そして手にした『致知』で鎌倉円覚寺管長 横田南嶺氏の「坐禅の要領は、ほんのひと時でも過ぎたことは気にしない。これから起こることも気にしない、この二つ。」という言葉に出会いました。
手術で失った体の一部を思い煩(わずら)い、これからの不安にとらわれがちだったA子さんは、この簡潔な言葉から、いま現在をしっかり生きよう、こうして生きていることに感謝しよう、と思い直すことができました。
「自分はお坊さんのようにお寺で修行はできないけど、病気とともに日常生活の中で生きている感謝、生かされている感謝を学ぶために、自分なりの修行をしたい」
という手紙をA子さんは横田管長に送りました。
横田管長は「いま置かれている状況の中で、日常の生活の中で、感謝をもって生きることこそ最大の修行です」と返事をしました。
以来、手紙のやり取りを何度かする中で、A子さんの容態が優(すぐ)れず実家に戻ったこと、まだ幼い子どもがいることなどを知りました。
そして、次のように書かれた手紙が届きました。
「この病を得なければ、私は心や人間、自分を高めようと読書や勉強をすることはなかったでしょう。
悪いと思われても、その陰には善いことも隠されているのです。
この間教会の前を通りかかったら、<天の父よ、どんな不幸を吸っても吐く息は感謝でありますように>という看板を見つけ、心に刻みました。
病気で苦しくても、いま私は生きています。
それがすべての答えだと思います」
これが、A子さんの最後の手紙となりました。
亡くなる年の6月には、感謝の気持ちを込めてと、サクランボが届きました。
明くる年には、A子さんの母親からサクランボが送られてきました。
その手紙でA子さんが亡くなったことを知ったのです。
亡くなるほんの少し前に、自宅のテレビで御嶽山(おんたけさん)の噴火で亡くなった人々の報道を見ながら、「お母さん、急に亡くなってしまう人もいるんだよ。
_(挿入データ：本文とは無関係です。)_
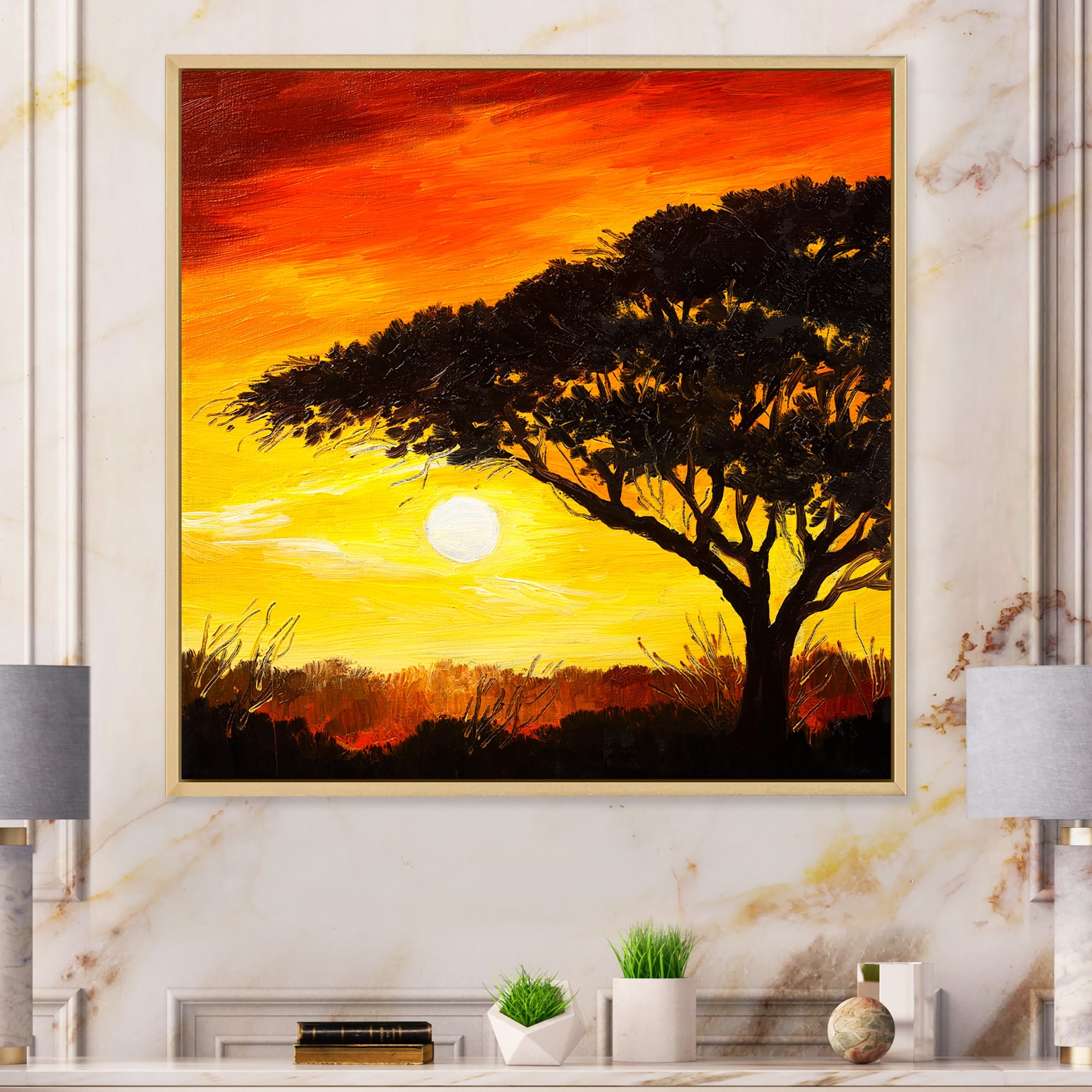 Designart "African Tree Under Wild Sunset" Traditional Framed Canvas Wall Art
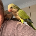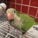 Ten weeks old baby green Quaker Male.Fully weaned,now eating seed,pellets,fresh fruits and vegetables.Untrimmed wings.Beautiful personality.
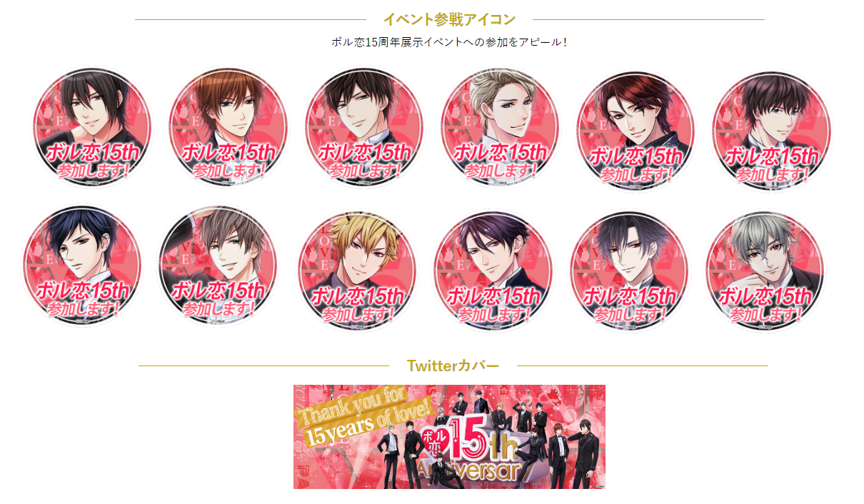 ボル恋15周年を記念して、特設サイトではSNSアイコンやヘッダーを皆様にプレゼントしております。無料でダウンロードできますので、15周年の記念にぜひお受け取り下さい。

私は時間があって考える時があるだけ幸福だよ」と語っていたそうです。
以来、毎年サクランボが送られてきました。
今年もまたサクランボが送られてきて、手紙には月末に円覚寺の法話会に娘を連れて参りますと書いてありました。
A子さんのご両親とご主人と、そして忘れ形見のお子さんとが、遺影を抱いて円覚寺を訪れました。
3年前に、できればこの夏に円覚寺に行って直接話を聞きたいという手紙が送られてきたのが最後でした。
それがようやく、ご両親に抱かれての訪問となりました。
(引用:『致知』10月号)
A子さんはきっと今もわが子を、わが家族を見守り、必要な支援をしてくれているでしょう。